Deserialize the Json property(Nested Json) as string in C#

I need requirement that the deserialize the json as string which is available inside another Json. I have the Json string as like below,

string testJson =
   "{
        "AssemblyName":"AssemplyName",
        "ClassName":"AssemplyName.ClassName",
        "Options":"{ "property1":"value1","property2":10}"
   }";

To deserialize, I have the class like below,

public class CType
{
    public string AssemblyName { get; set; }
    public string ClassName { get; set; }
    public string Options { get; set; }
}

So, I deserialize like below,

CType cType = JsonConvert.DeserializeObject<CType>(testJson);

Now, I expect the resuly like below,

AssemblyName = "AssemplyName"
ClassName = "AssemplyName.ClassName"
Options = "{ "property1":"value1","property2":10}"

It would be much appreciated anyone can help on this

Upvotes: 0

Views: 170

Answers (3)

shat90
shat90

Reputation: 405

Assuming you want the options deserialized as a string instead of a dictionary - you would need to change the json file and escape the quotes like below

{
"AssemblyName": "AssemplyName",
"ClassName": "AssemplyName.ClassName",
"Options": "
\"property1\":\"value1\",
\"property2\": 10   
"
}

With that done your existing code

 class Program
{
    static void Main(string[] args)
    {
        string testJson = File.ReadAllText(@"D:\test.json");

        CType cType = JsonConvert.DeserializeObject<CType>(testJson);

    }
}
public class CType
{
    public string AssemblyName { get; set; }
    public string ClassName { get; set; }
    public string Options { get; set; }
}

However if you want to make it to another object that is like a Dictionary - the json would need slight change as below

{
"AssemblyName": "AssemplyName",
"ClassName": "AssemplyName.ClassName",
"Options": {
"property1":"value1",
"property2": 10
}
}

The code would need the property to be changed to Dictionary

 class Program
{
    static void Main(string[] args)
    {
        string testJson = File.ReadAllText(@"D:\test.json");

        CType cType = JsonConvert.DeserializeObject<CType>(testJson);

    }
}
public class CType
{
    public string AssemblyName { get; set; }
    public string ClassName { get; set; }
    public Dictionary<string,string> Options { get; set; }
}

Upvotes: 1

Krishna Varma
Krishna Varma

Reputation: 4260

To read options form given json, you need to remove the additional quotations using Trim and DeserializeObject

var cType = JsonConvert.DeserializeObject<CType>(testJson);
var options = JsonConvert.DeserializeObject<Dictionary<string, string>>(cType.Options.Trim('"'));

Upvotes: 1

Vivek Nuna
Vivek Nuna

Reputation: 1

You can declare the class like this.

public class Options
{
    public string property1 { get; set; }
    public string value1 { get; set; }
    public int property2 { get; set; }
}

public class Example
{
    public string AssemblyName { get; set; }
    public string ClassName { get; set; }
    public Options Options { get; set; }
}

Then you caan deserialize and serilize the string like this.

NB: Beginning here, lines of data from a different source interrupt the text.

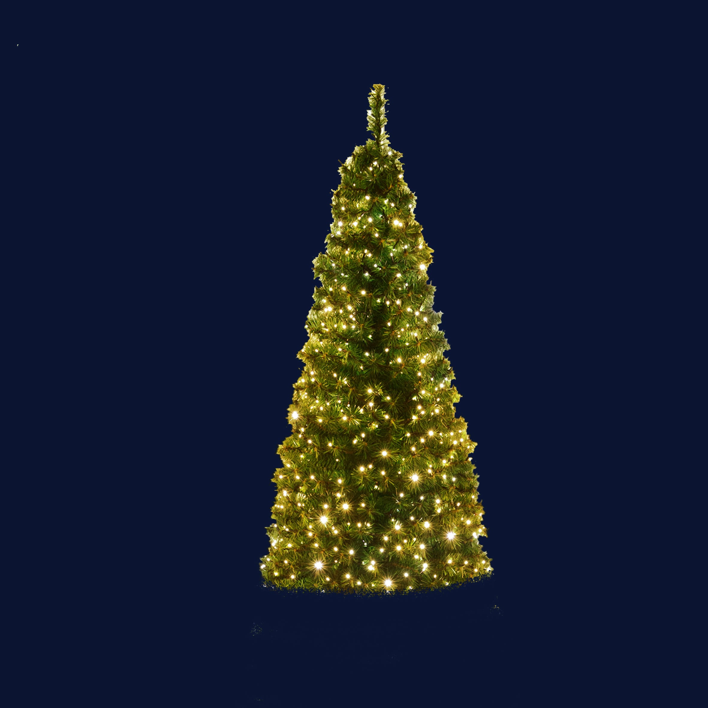 Laissez-vous tenter par notre produit phare le Sapin Spendid ! Il mesure 3.00m de hauteur, 1.20m de diamètre et pèse 90kg. Il est composé de 3 parties et est illuminé par des LED blanc chaud pétillant 230V. Il se monte très facilement et est certifié anti-feu M1.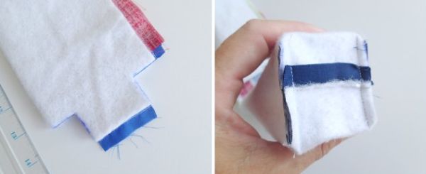 Em seguida, corte os cantos da parte do fundo e costure-o formando uma base reta. E costure as laterais, mas deixando uma abertura.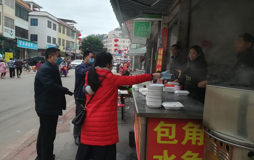 1月27日,西岸鎮(zhèn)鎮(zhèn)長周少君對西岸街早餐店經(jīng)營者進行宣傳,要求他們戴好口罩。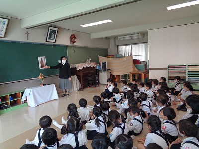園長先生に神様のお話をしていただきました。お話も上手に聞けましたね♪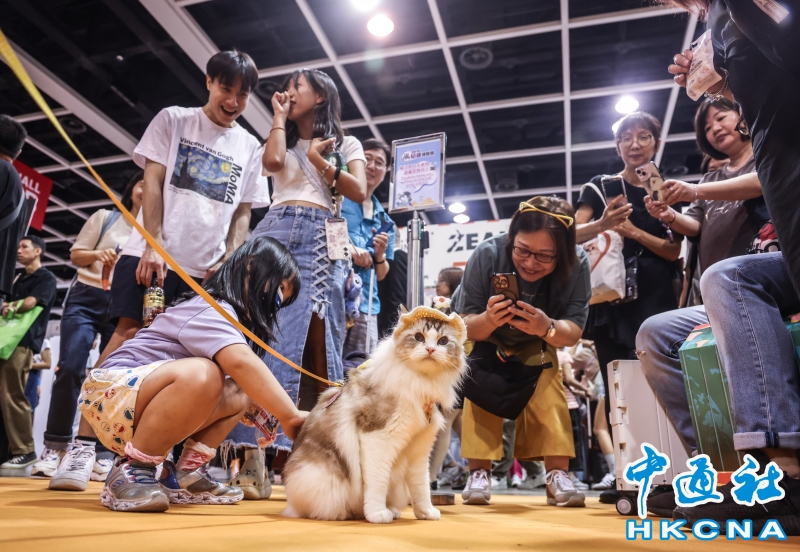 香港貓迷博覽會8月1日起一連三天在會展中心舉行,自疫情後的2023年舉辦首屆後,展會頗受歡迎,“喵經濟”展現巨大潛力。香港養貓群體不斷擴大,政府統計處數據顯示,全港有逾24萬住戶飼養貓或狗,佔所有住戶近一成,其中貓咪達18.4萬隻。養貓開支亦持續攀升,有調查指,逾八成養貓人士月均養貓支出達2006港元,按年增6.2%;每月豪擲3500至5000港元的“土豪貓主”比例從10%升至13%。(香港中通社記者 曹文毓攝) 香港中通社圖片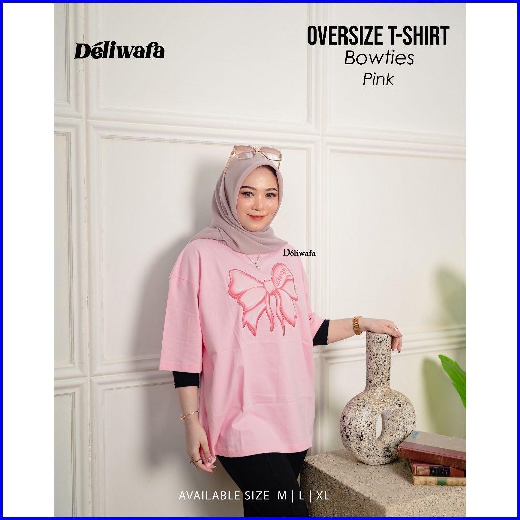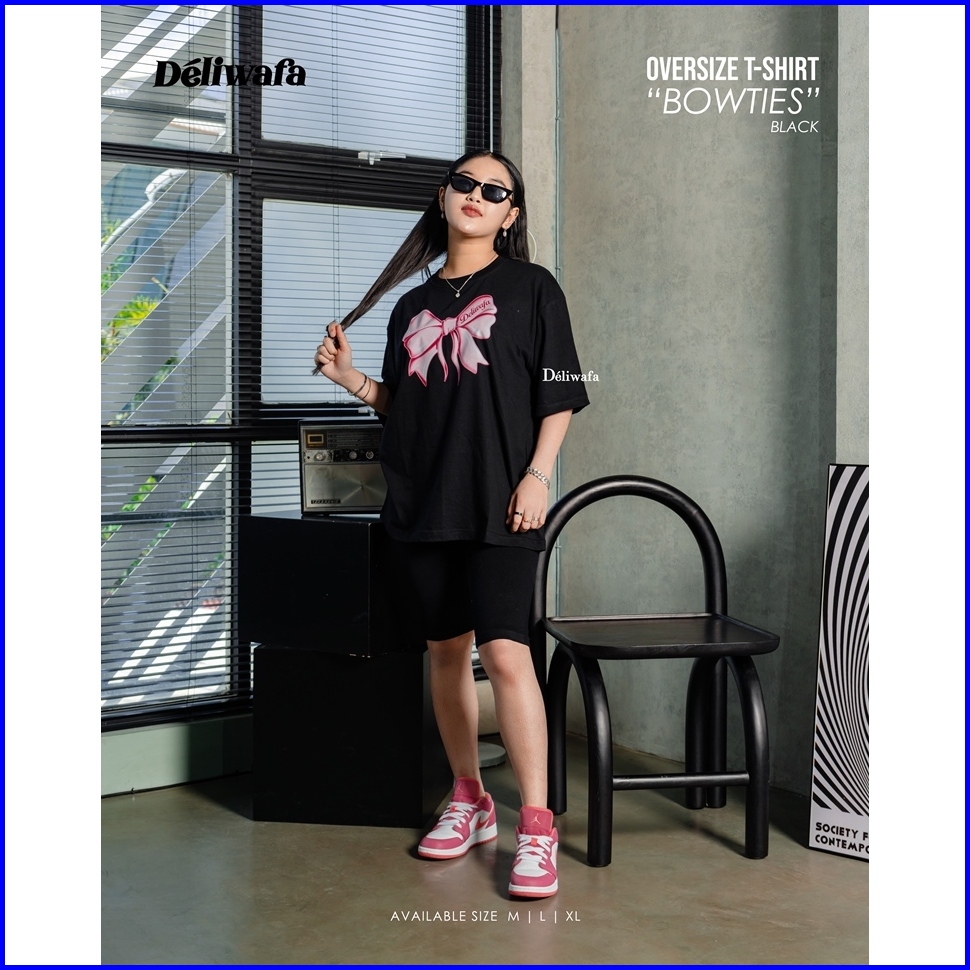 Deliwafa - Bowties T-shirt Oversize Baju Pria Wanita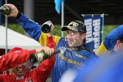 ポディウムではいつも楽しいシャンパンファイト。ヤナ様も壇上に。おめでとうございました。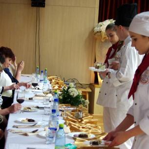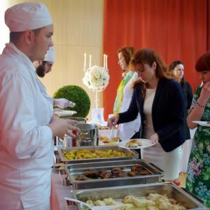 Az abszolvensek munkájuk gyümölcsét a tulajdonképpeni eseményen prezentálták. Tanáraikat gazdagon megrakott asztalokkal ünnepi díszbe öltöztetett teremben várták. Annak ellenére, hogy ez az osztály az elmúlt öt év során már nem egyszer szervezett színvonalas ételbemutatót, a pazar ételkínálat ámulatba ejtett mindenkit. A hidegkonyhai készítmények közül sokan választották a lazacos spenótos roládot, az aszpikos majonézes franciasalátát, a kolbásszal töltött sertéskarajt és a velős pirítóst. A levesek közül a ramen és a brokkolikrémleves egyaránt népszerű volt.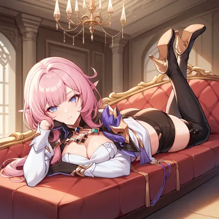 Elys, Fol001, Ely_Def, pointy ears, long hair, pink hair, blue eyes, shrug (clothing), black shrug, cleavage, jewelry, purple trim, hair ornament, asymmetrical sleeves, black sleeves, single wide sleeve, single detached sleeve, single gauntlet, white gauntlet, single pauldron, asymmetrical clothes, short shorts, black shorts, side cutout, white skirt, long skirt, open skirt, purple skirt, thigh strap, single glove, black footwear, black glove, black thigh boots, low ponytail, elysia (honkai impact),
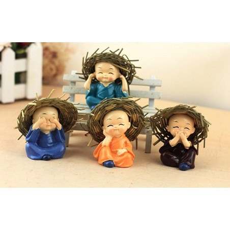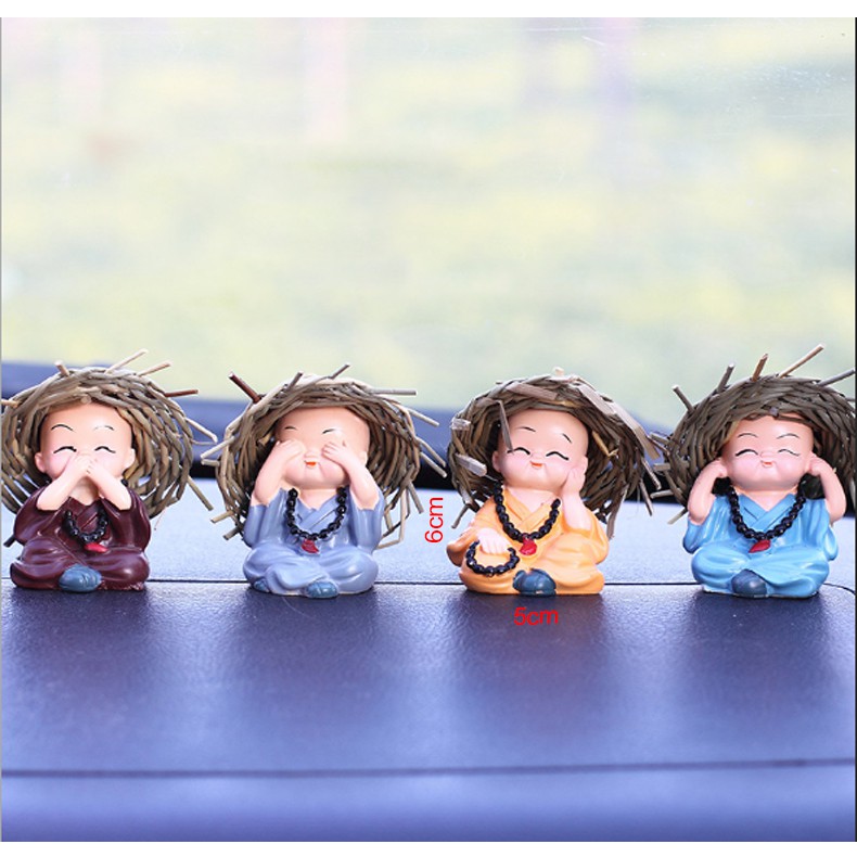 Chú tiểu đội nón, chú tiểu 4 không - Phụ kiện trang trí tiểu cảnh sen đá, xương rồng, bàn làm việc, ô tô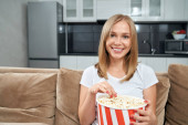 Szczęśliwy uśmiech kobieta spoczywa na kanapie i jeść chrupiące karmelowy popcorn podczas oglądania telewizji w domu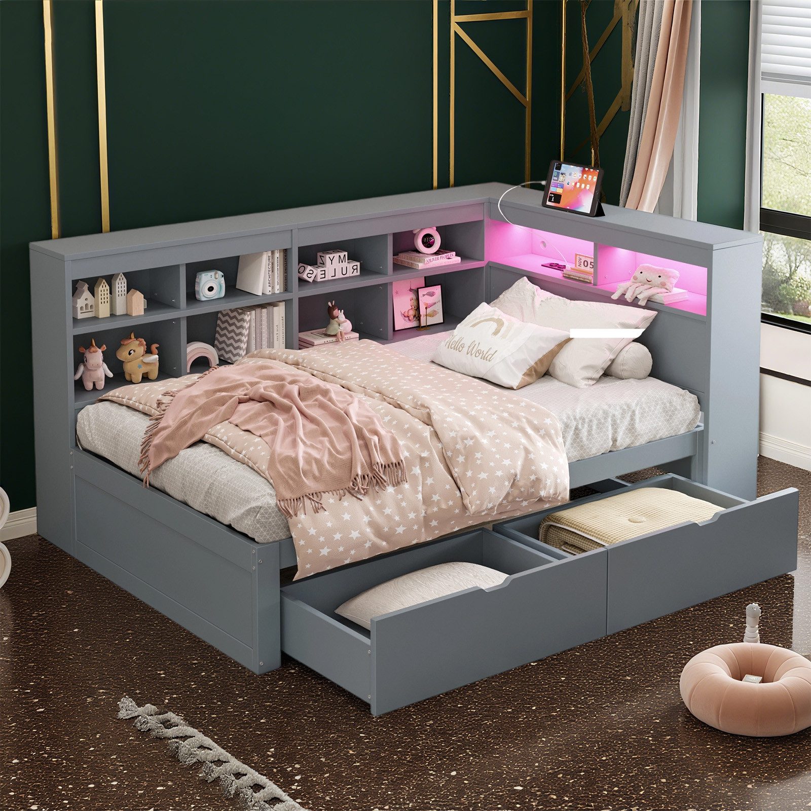 Ausstattung | Bett mit USB- und Steckdose mit LED-Leiste |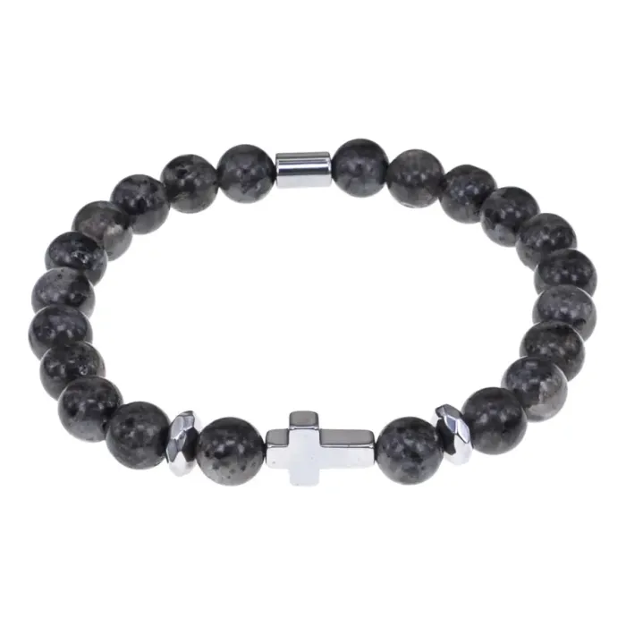 Христианский браслет Крест с нат.камнем Лабрадор 8мм BSH-14-08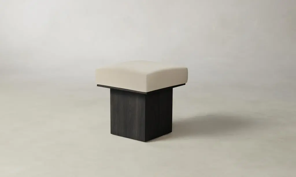 The Mulberry Ottoman's geometric silhouette exudes sophistication. It has a masterfully upholstered seat cushion that sits atop a striking ash pedestal base. Handcrafted in North Carolina.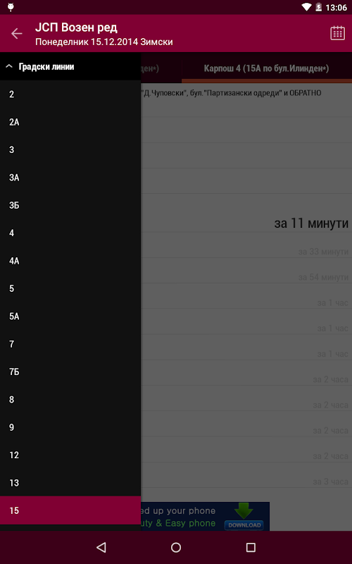 ЈСП Возен ред (JSP dell'orario) è l'unica applicazione che vi serve, in modo da non perdere l'autobus dei trasporti della città. I dati per le linee è tempestivamente e accuratamente aggiornato dalla pagina web ufficiale JSP (www.jsp.com.mk).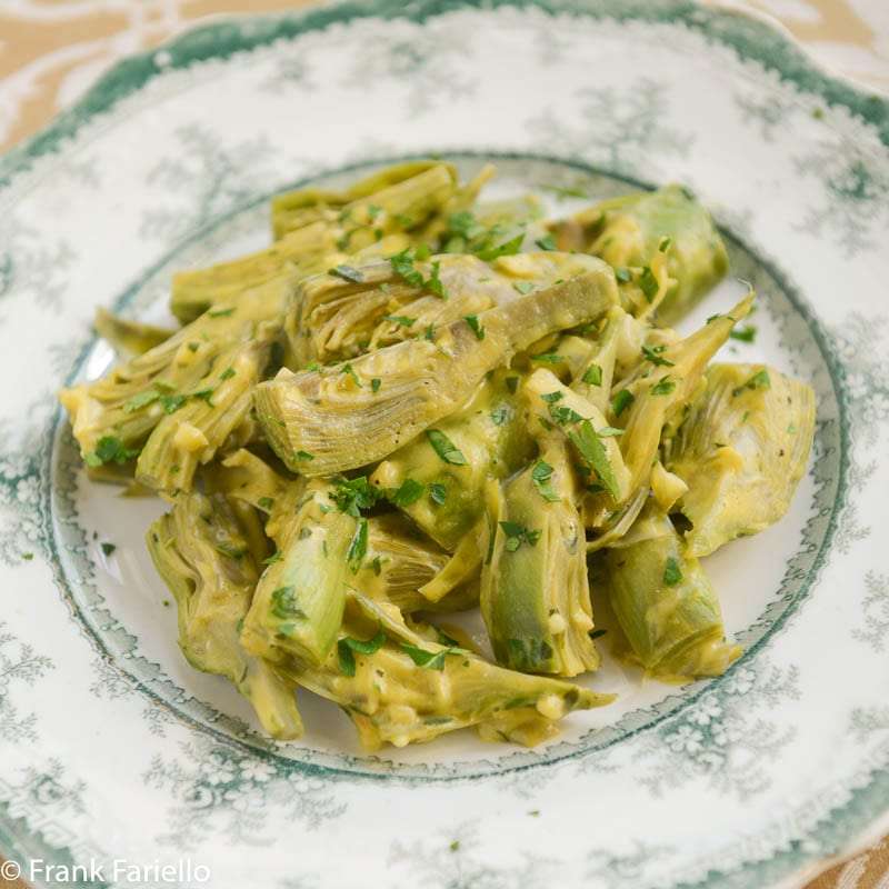 - Remove the skillet from the heat, then add the mixture to the skillet, mixing everything together so the artichokes are well covered. (Depending on how much residual heat is left in the pan, you may need to return the skillet to the burner over the gentlest heat possible.) Toss the artichoke wedges until the mixture has thickened into a creamy sauce. Take care not to scramble the egg.

string str = "json string";
Example cType = JsonConvert.DeserializeObject<Example>(str);
string json = JsonConvert.SerializeObject(cType.Options);

Valid Json:

{
    "AssemblyName": "AssemplyName",
    "ClassName": "AssemplyName.ClassName",
    "Options": {
        "property1 ": "",
        "value1": "",
        "property2": 10
    }
}

For dynamic nested json you can declare the Options as dictionary. Above code will work.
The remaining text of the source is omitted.